To display the time course of performance metrics, we applied the prediction models on the set of bins from the same time (e.g. first 24 h) without sample weighting, as each patient contributed at most one data point per time bin.

To compare the predictive performance of our model to those of the established clinical scores APACHE2, SAPS2 and SOFA, we calculated the respective performance metrics for the prediction of mortality within the next 5 days using the scores directly.

To further compare the predictive performance of previously published models that were specifically developed to predict mortality in COVID-19 patients1,2,8, we used each of the models as published (without retraining) to the COVID-19 dataset and evaluated the respective performance metrics for prediction of mortality within the next 5 days.
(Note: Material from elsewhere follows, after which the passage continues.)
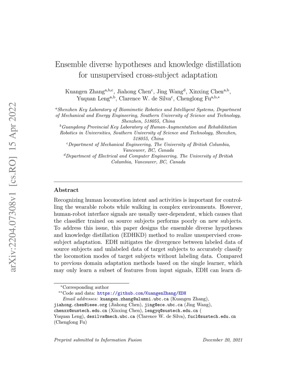 Recognizing human locomotion intent and activities is important for controlling the wearable robots while walking in complex environments. However, human-robot interface signals are usually user-dependent, which causes that the classifier trained on source subjects performs poorly on new subjects. To address this issue, this paper designs the ensemble diverse hypotheses and knowledge distillation (EDHKD) method to realize unsupervised cross-subject adaptation. EDH mitigates the divergence between labeled data of source subjects and unlabeled data of target subjects to accurately classify the locomotion modes of target subjects without labeling data. Compared to previous domain adaptation methods based on the single learner, which may only learn a subset of features from input signals, EDH can learn diverse features by incorporating multiple diverse feature generators and thus increases the accuracy and decreases the variance of classifying target data, but it sacrifices the efficiency. To solve this problem, EDHKD (student) distills the knowledge from the EDH (teacher) to a single network to remain efficient and accurate. The performance of the EDHKD is theoretically proved and experimentally validated on a 2D moon dataset and two public human locomotion datasets. Experimental results show that the EDHKD outperforms all other methods. The EDHKD can classify target data with 96.9%, 94.4%, and 97.4% average accuracy on the above three datasets with a short computing time (1 ms). Compared to a benchmark (BM) method, the EDHKD increases 1.3% and 7.1% average accuracy for classifying the locomotion modes of target subjects. The EDHKD also stabilizes the learning curves. Therefore, the EDHKD is significant for increasing the generalization ability and efficiency of the human intent prediction and human activity recognition system, which will improve human-robot interactions.
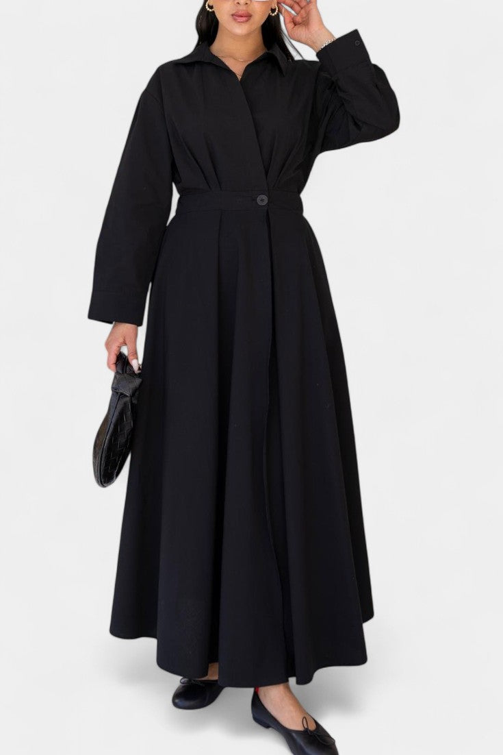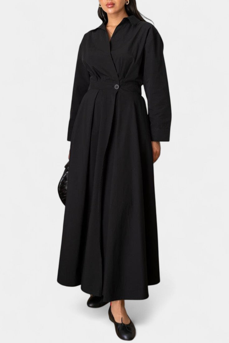 Celina Robe à Col Revers Structuré et Taille Cintrée

Predictive performance relative to the endpoint

To determine the predictive performance of our models not only relative to the admission to the ICU but also relative to the endpoint (death in non-surviving patients), we needed to define an endpoint for the surviving patients. Using the discharge from the ICU as the endpoint would create an unrealistic and trivial comparison, as surviving patients close to discharge will show significantly different characteristics as non-surviving patients close to death. We therefore applied a case–control matching scheme: Assuming that the time courses of the diseases are comparable between the surviving and non-surviving patients, we clipped the data of each surviving patient to the length of stay of a randomly selected non-surviving patient21,22. Specifically, we determined the length of ICU stay for all non-surviving patients (time between admission and death). Then, for each surviving patient, we randomly picked a length of ICU stay from the non-surviving patients that was less or equal than the length of ICU stay of that surviving patient. This length of stay of the non-surviving patient then determined the endpoint for the surviving patient. We thus matched the durations of ICU treatment of the surviving patients to those of the non-surviving patients, without changing the prevalence of mortality in the dataset, as all surviving and non-surviving patients are still maintained in the dataset.

To provide a higher time resolution of the predictive performance, we aggregated data in 1 h time bins with respect to the endpoint, calculating the variable aggregates (10th, 50th and 90th percentile) as described above.